(MATERIAL PROVIDED Opens)

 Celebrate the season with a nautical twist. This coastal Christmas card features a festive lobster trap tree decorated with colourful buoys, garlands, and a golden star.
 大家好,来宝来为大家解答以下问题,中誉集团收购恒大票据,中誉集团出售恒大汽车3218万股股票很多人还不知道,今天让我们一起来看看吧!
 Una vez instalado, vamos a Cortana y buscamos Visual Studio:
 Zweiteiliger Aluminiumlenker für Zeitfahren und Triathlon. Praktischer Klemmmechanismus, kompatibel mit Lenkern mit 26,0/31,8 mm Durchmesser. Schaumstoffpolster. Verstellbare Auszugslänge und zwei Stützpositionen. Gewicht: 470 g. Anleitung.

(MATERIAL PROVIDED Closes)
(MATERIAL PROVIDED Opens)

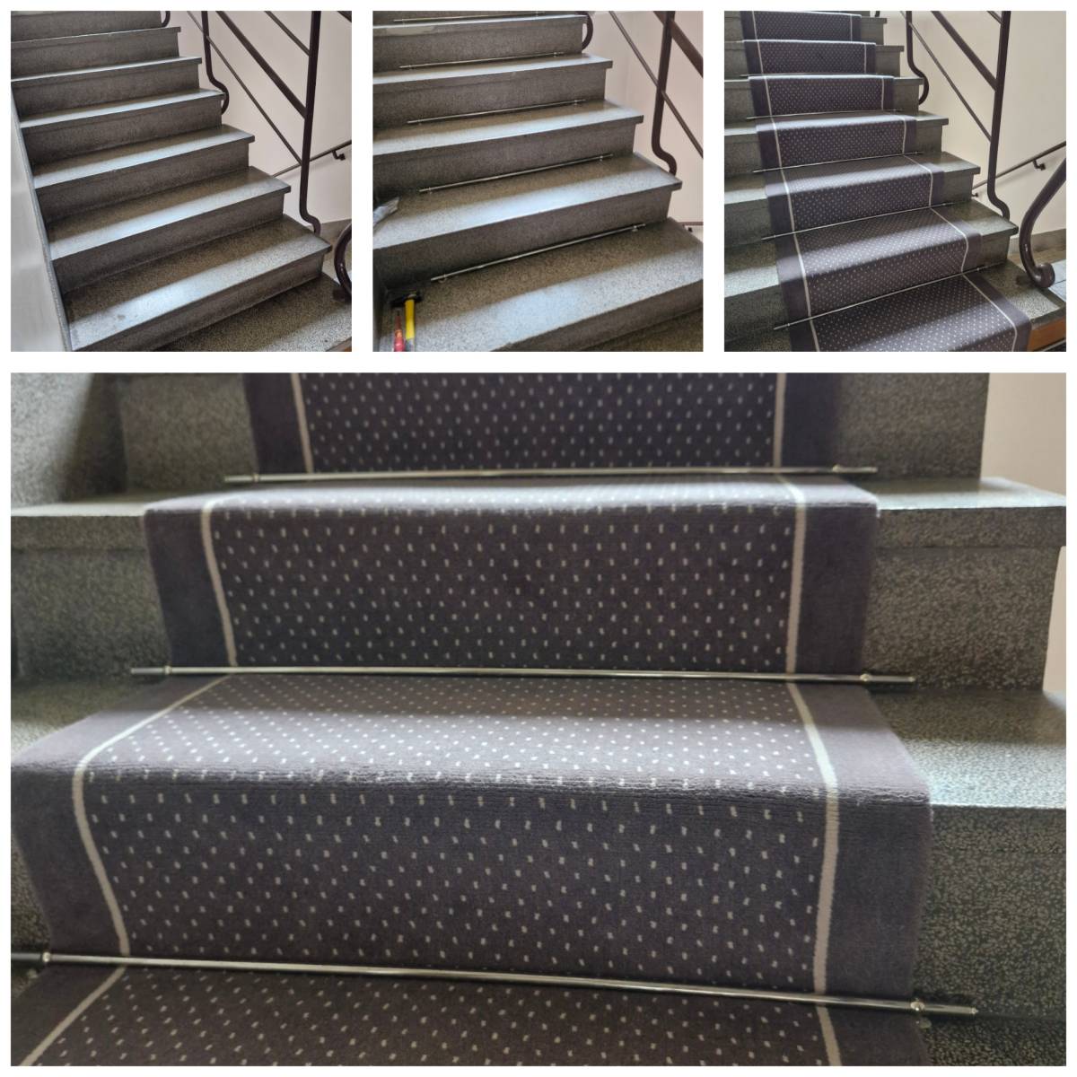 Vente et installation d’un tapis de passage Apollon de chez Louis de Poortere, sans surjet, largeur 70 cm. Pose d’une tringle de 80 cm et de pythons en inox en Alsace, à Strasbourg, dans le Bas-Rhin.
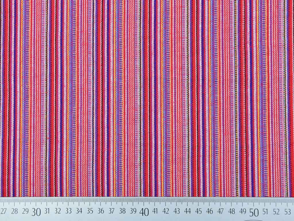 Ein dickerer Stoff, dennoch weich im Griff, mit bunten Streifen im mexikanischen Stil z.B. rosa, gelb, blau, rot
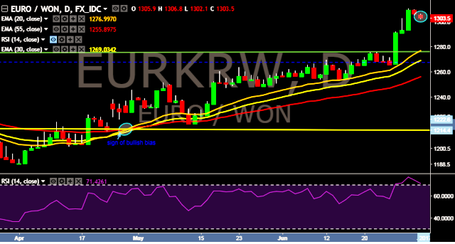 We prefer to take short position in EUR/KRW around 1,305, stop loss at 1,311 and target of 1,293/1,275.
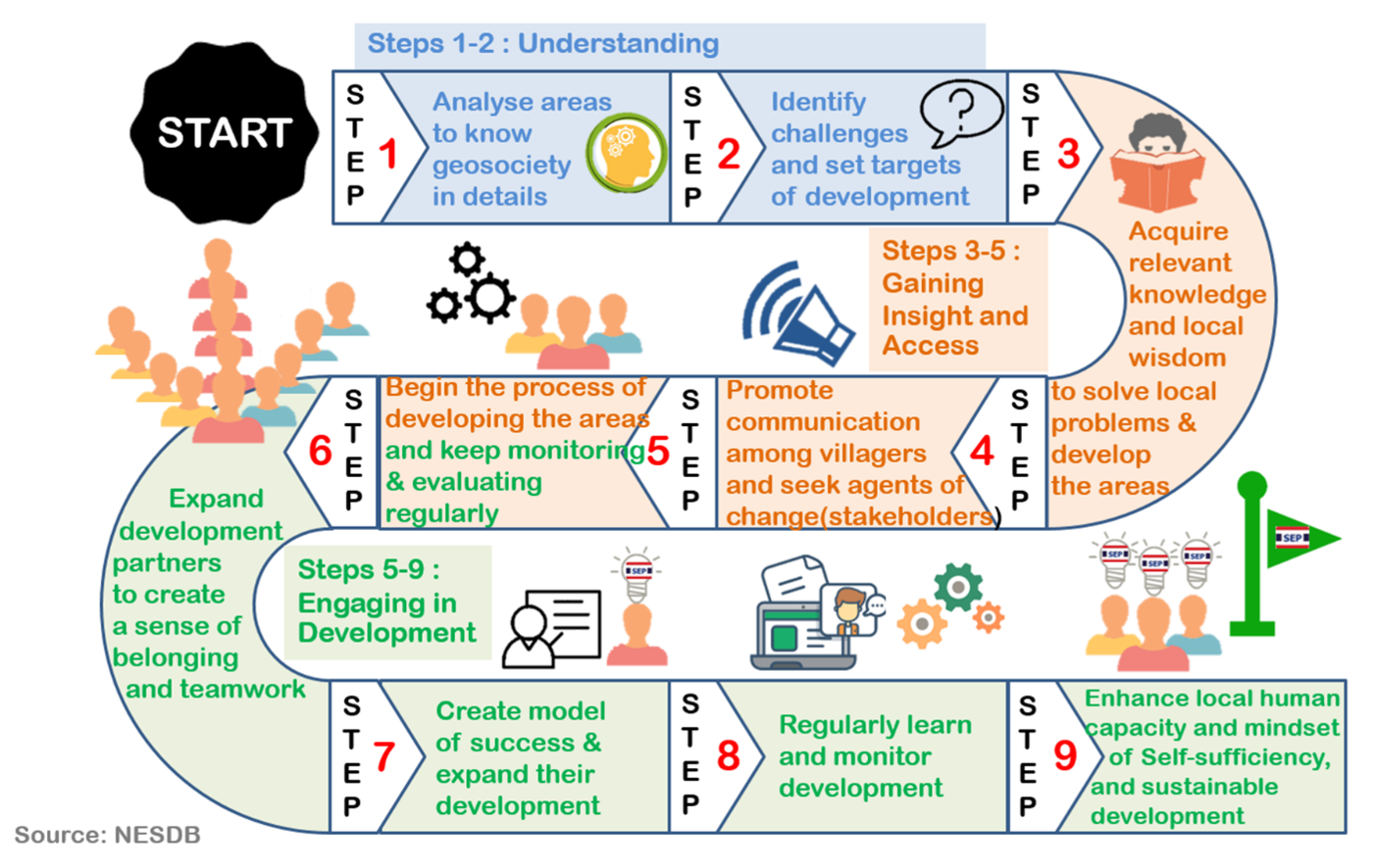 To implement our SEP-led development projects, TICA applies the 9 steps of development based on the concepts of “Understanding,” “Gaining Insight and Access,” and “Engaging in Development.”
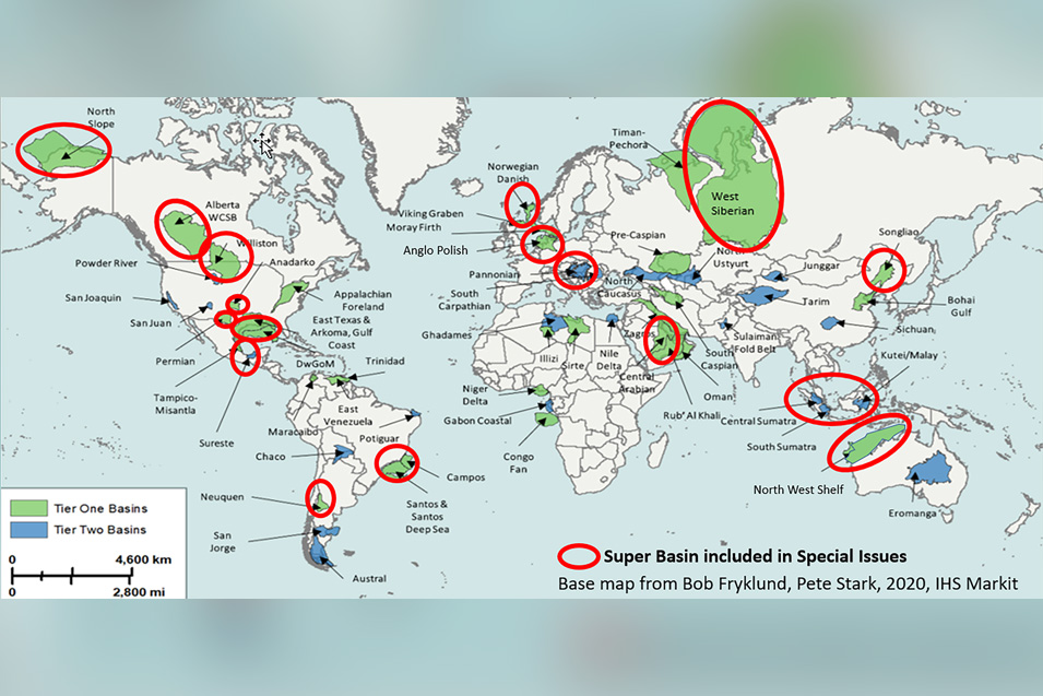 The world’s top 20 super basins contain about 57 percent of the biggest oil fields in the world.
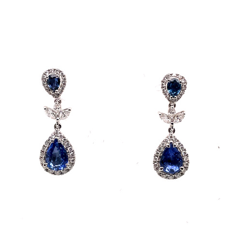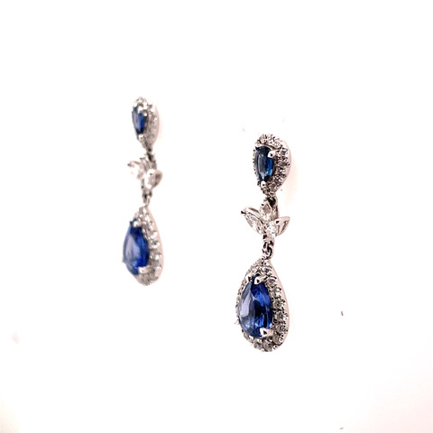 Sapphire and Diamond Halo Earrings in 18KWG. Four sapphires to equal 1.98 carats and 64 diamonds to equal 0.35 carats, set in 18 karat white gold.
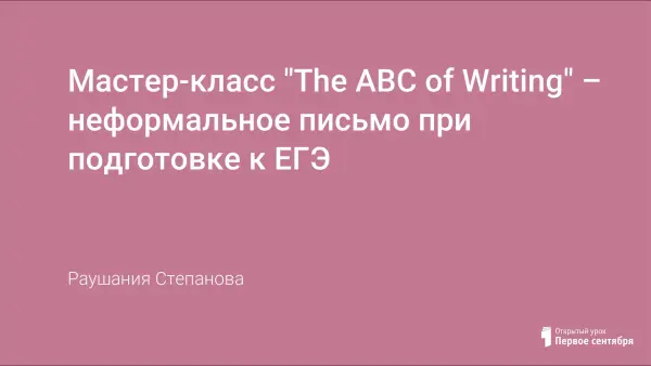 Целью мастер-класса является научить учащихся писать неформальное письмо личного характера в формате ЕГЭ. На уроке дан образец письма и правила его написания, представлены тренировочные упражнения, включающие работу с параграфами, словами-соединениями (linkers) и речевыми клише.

(MATERIAL PROVIDED Closes)

▸ **PROBLEM TO WORK ON**: Where the listing above has a line with "大家好,来宝来为大家解答以下", start there, and output every line exactly through the line with "Zweiteiliger Aluminiumlenker für", which is also included.

▸ **WRITTEN ANSWER**:
 大家好,来宝来为大家解答以下问题,中誉集团收购恒大票据,中誉集团出售恒大汽车3218万股股票很多人还不知道,今天让我们一起来看看吧!
 Una vez instalado, vamos a Cortana y buscamos Visual Studio:
 Zweiteiliger Aluminiumlenker für Zeitfahren und Triathlon. Praktischer Klemmmechanismus, kompatibel mit Lenkern mit 26,0/31,8 mm Durchmesser. Schaumstoffpolster. Verstellbare Auszugslänge und zwei Stützpositionen. Gewicht: 470 g. Anleitung.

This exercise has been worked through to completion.